In the late 80s...I wanted more. I decided that I needed to be responsible for my spiritual life and I started knocking--as per instructions for a dummy.

I knocked everywhere I could. I attended the services of many congregations and studied like a badger for a good 3yrs.  until I earnestly knocked on my local church ( the one physically closest to me) and attended bible study.

The local parish priests were the teachers and I chose to study Matthew and Moses under Father Macpherson and Father Dion-- in some depth.

Matthew and Moses sort of tag teamed on me, pinned me down just long enough for the count, (and it wasn't long, as it happened in a blink of an eye--when they tag teamed!)  

Also at that time, a friend of mine was a member and a musician in a New Life, Non-denominational , Latter Rain, Baptist Mission type church and I would attend with him once in a while--as I enjoyed his company and his passion for Christ and the Good News. 

My friend invited me to a camp meeting where a visiting preacher was from far away. I was told that this preacher was known for his intimate relationship with the Spirit and that mighty, wonderous things for the power of the Holy Spirit were not uncommon when he ministered. I agreed to go.

As we were traveling to the service,  in my friend's car, my friend, his spouse and I, I shared with them my deep felt "ideas" on some spiritual matter that seemed to have just recently overwelmed me. It now eludes me--exactly what it was about.

 Latter, through out the service, I was of course silent  and besides myself. I heard the preacher say almost to a T the exact same words I had shared with my friends in the car earlier. After the service my friend and his spouse came to me. I asked them, "Did this preacher preach the same thing, almost to a word, in almost the same way, with the same intensity,  for the same purpose, as what I talked to you earlier about when we were coming here in the car?"  The answer from my friend came back,"Yes." If I recall the preacher's message was a specific message for this specific congragation! 

I said how can this be? This man who came from 1500miles away, who does not know me,  had just said almost to a word, what I had shared with my friends before the service? And once more the preacher said that his preaching was a specific and spontaneous message to my friend's congragation and church leaders!?

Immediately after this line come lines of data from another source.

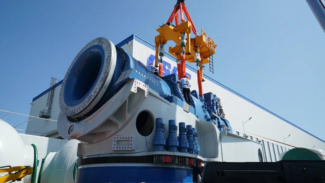 中國海裝工人在吊裝H210-10兆瓦機(jī)組傳動鏈
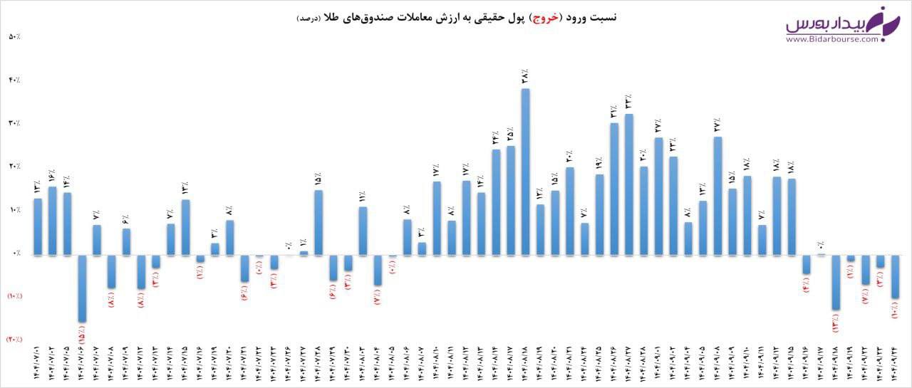 🔹همچنین امروز شاهد خروج حدود 1937 میلیارد تومان نقدینگی حقیقی‌ها از صندوق‌های طلا بودیم. نسبت ورود پول افراد حقیقی به ارزش معاملات در صندوق‌های طلا به منفی 10 درصد رسید.
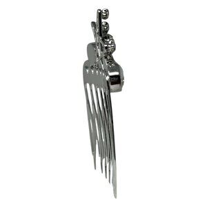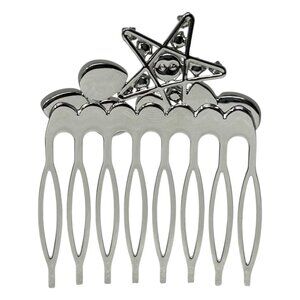 This enchanting silver hair comb features a dazzling star design adorned with rhinestones. Its shimmering elegance evokes celestial beauty, perfect for elevating formal occasions or ceremonies. The comb offers both functionality and style with its sturdy build and intricate detailing, reminiscent of starlit skies.
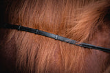 Tøjlen er lavet uden karabinhager for at give den blideste forbindelse til bidet uden forstyrrelser. Super soft tøjlen er sort 16mm bred og med stoppere.

How could this be? My friend replied, " The Holy Spirit."

I have never looked back. Semper Fidelis.


----------



## grouper throat (Jun 21, 2011)

I was recently (June 13th) saved. I had hit rock bottom several months ago in my life with my marriage and my life was in ruins. I started back attending church and felt God helping me along in times that were my darkest. 

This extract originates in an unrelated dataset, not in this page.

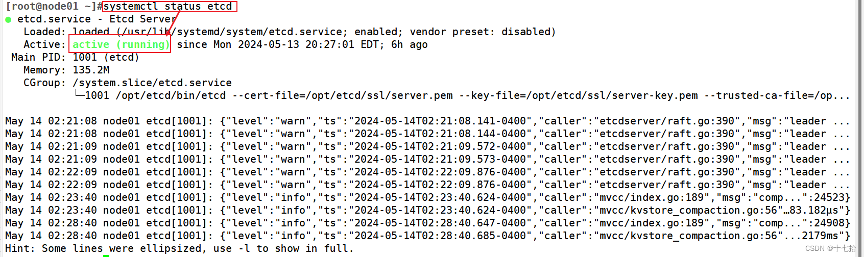 1.1.3 创建存放etcd配置文件,命令文件,证书的目录,并启动etcd服务
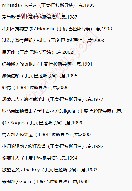他比较知名的电影就包括《罗马帝国艳情史》,但也因过大的尺度,被划入“世界十大禁片”之列。

I was riding down a road in north Alabama and was thinking about God and talking with my mom about my salvation. As we passed a giant Cross in front of a church I was saved... I immediately had a peace in my life that I know is God's work.


----------



## formula1 (Jun 22, 2011)

*Re:*

Grouper:

Welcome to the family!

1) Find a group of believers to be a part of for fellowship and accountability, it you haven't already.
2) Study the scriptures. When you read them, you hear from Jesus.
3) Pray and seek Him daily. And if anything becomes confusing, ask the Lord for clarity and He will deliver.
4) Love Always!

God Bless!


----------



## revrandyf (Jun 22, 2011)

Easter Sunday night at the First Assembly of God Church in Panama City, FL - rededicated my life to God in September, 1979, at Crossroads UMC in Perry, GA.


----------



## Greaserbilly (Jun 22, 2011)

New York City - a few years ago. Walking home after a one night stand, passed a church, heard the choir, walked in.


----------



## BIGJOHNA (Jun 23, 2011)

Sept 8th 2007 6:15 a.m. Even wrote a song about it!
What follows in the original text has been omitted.